Australian chemical engineer and metallurgist (1934–2023)

James Richard May (20 July 1934 – 6 June 2023) was an Australian chemical engineer and metallurgist who was the chief executive officer of the Australian Minerals Industry Research Association (AMIRA) between 1968 and 1994. He was also on various academic committees in a number of institutions and organisations.

== Early life and education ==
Jim May was born in Kensington Gardens, Adelaide in 1934 to Eric May and Ellen Miners. He had two brothers: John and Lynton May.

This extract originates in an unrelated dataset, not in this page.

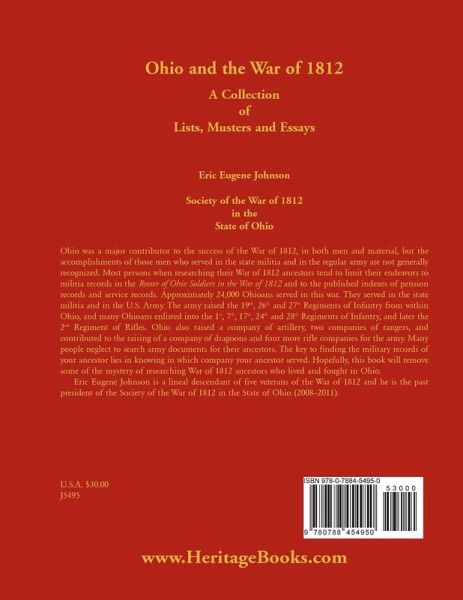 Ohio was a major contributor to the success of the War of 1812, in both men and material, but the accomplishments of those men who served in the state militia and in the regular army are not generally recognized. Most persons when researching their War of 1812 ancestors tend to limit their endeavors to militia records in the Roster of Ohio Soldiers in the War of 1812 and to the published indexes of pension records and service records. Approximately 24,000 Ohioans served in this war. They served in the state militia and in the U.S. Army. The army raised the 19th, 26th and 27th Regiments of Infantry from within Ohio, and many Ohioans enlisted into the 1st, 7th, 17th, 24th and 28th Regiments of Infantry, and later the 2nd Regiment of Rifles. Ohio also raised a company of artillery, two companies of rangers, and contributed to the raising of a company of dragoons and four more rifle companies for the army. Many people neglect to search army documents for their ancestors. The key to finding the military records of your ancestor lies in knowing in which company your ancestor served. Hopefully, this book will remove some of the mystery of researching War of 1812 ancestors who lived and fought in Ohio. Eric Eugene Johnson is a lineal descendant of five veterans of the War of 1812 and he is the past president of the Society of the War of 1812 in the State of Ohio (2008-2011).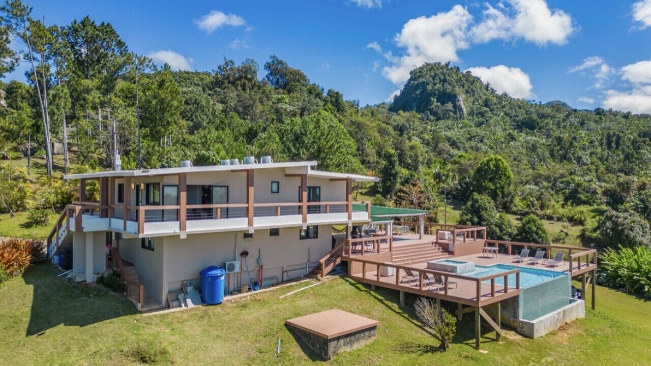 5 acres bordering the El Yunque National Rainforest. Private house with 4 bedrooms, wrap around balcony, 360 degree views and a private saltwater HEATED* pool. Huge deck and BBQ* area.

Between 1946 and 1951, May was educated at Adelaide High School where he boarded for a number of years before graduating in late 1951. From 1952, he studied at the University of Adelaide where he completed his Bachelor of Metallurgical and Chemical Engineering (ChE) in 1957 and his Master of Science (MSc) in 1961 at the University of New South Wales. However, during his university days, he played for the South Australian Hockey Team. In the lead up to the 1956 Melbourne Olympics, he declined the opportunity to play in the Australian Hockey Team for the Olympics.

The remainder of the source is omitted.